Pursuant to the terms of the Transaction Agreement, at the Closing, (i) Sven (Bill) Ante Lundberg, M.D., Mark Iwicki, Len Kanavy, Paolo Pucci, Victor Sandor, M.D.C.M., and Jason Haddock each resigned and ceased to be directors of the Merus Board, (ii) Jan van de Winkel, Ph.D. became the executive director of the Merus Board and Chief Executive Officer of Merus, (iii) Greg Mueller, Anthony Pagano and Martine van Vugt, Ph.D. each became a non-executive director of the Merus Board, and (iv) Anand Mehra, M.D. and Maxine Gowen, Ph.D. remained on the Merus Board as independent directors.
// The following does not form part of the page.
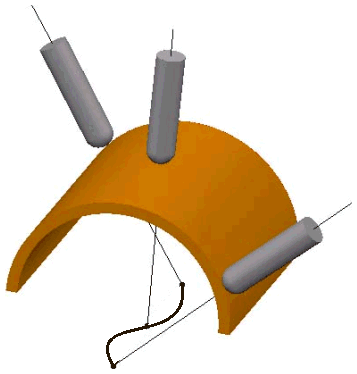 通过“刀轴”,可以定义刀具方向。默认值为“垂直”,用于标准 3 轴加工。但是,也可以是连续改变的方向,以用于所谓的 5 轴同时加工。

Genmab and Purchaser expect to consummate the Back-End Transactions pursuant to the Transaction Agreement beginning on the Subsequent Closing Date. Following the consummation of the Back-End Transactions, Merus will no longer be a public company, and the listing of the Common Shares on the Nasdaq will be terminated. As a result, the Common Shares will cease to be publicly traded.
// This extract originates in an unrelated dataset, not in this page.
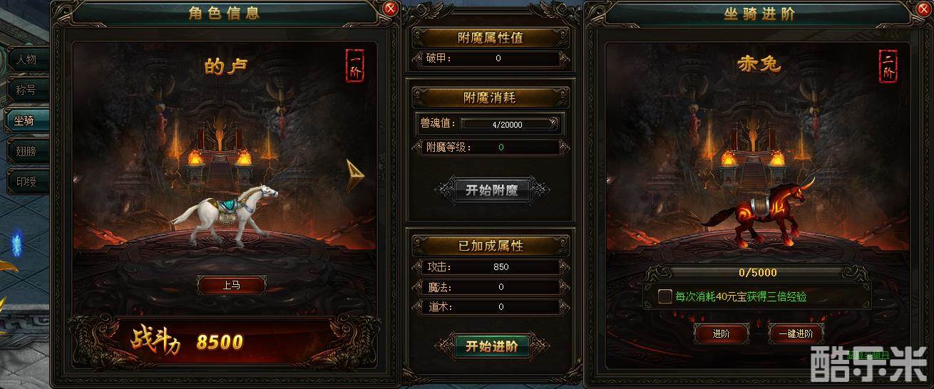 2:坐骑附魔需要消耗兽魂值,当兽魂值达到附魔要求时点击开始附魔即可进行附魔操作

If you did not tender your Common Shares in the Offer and do not tender them during the Subsequent Offering Period, and the Back-End Transactions are consummated, you will receive the same consideration for your Common Shares as Merus Shareholders who tendered their Common Shares in the Offer, which “Back-End Cancellation Consideration” will be the Offer Consideration of $97.00 per Common Share, less any applicable withholding taxes and without interest. No Dutch dividend withholding tax (dividendbelasting) is applicable to amounts paid for Common Shares tendered in the Offer or during the Subsequent Offering Period. The withholding tax applicable to the Back-End Cancellation Consideration will include a fifteen percent (15%) Dutch dividend withholding tax to the extent the Back-End Cancellation Consideration per New TopCo Shares A exceeds the average paid up capital recognized for Dutch dividend withholding tax purposes of the New TopCo Shares A immediately prior to the Back-End Cancellation becoming effective, unless an exemption or reduction of Dutch dividend withholding tax is applicable to any particular holder. Unless any Merus Shareholder who receives New TopCo Shares A as a result of the Back-End Merger demonstrates to New TopCo’s sole satisfaction that such shareholder is entitled to receive its Back-End Cancellation Consideration free of Dutch dividend withholding tax and New TopCo is able to exclude such holder from the tax withholding process, New TopCo will deduct and withhold from the Back-End Cancellation Consideration payable to each such holder such amount of Dutch dividend withholding tax as it is required to deduct and withhold with respect to the making of such payment under Dutch tax law and will remit the amount so deducted and withheld to the Dutch Tax Authority.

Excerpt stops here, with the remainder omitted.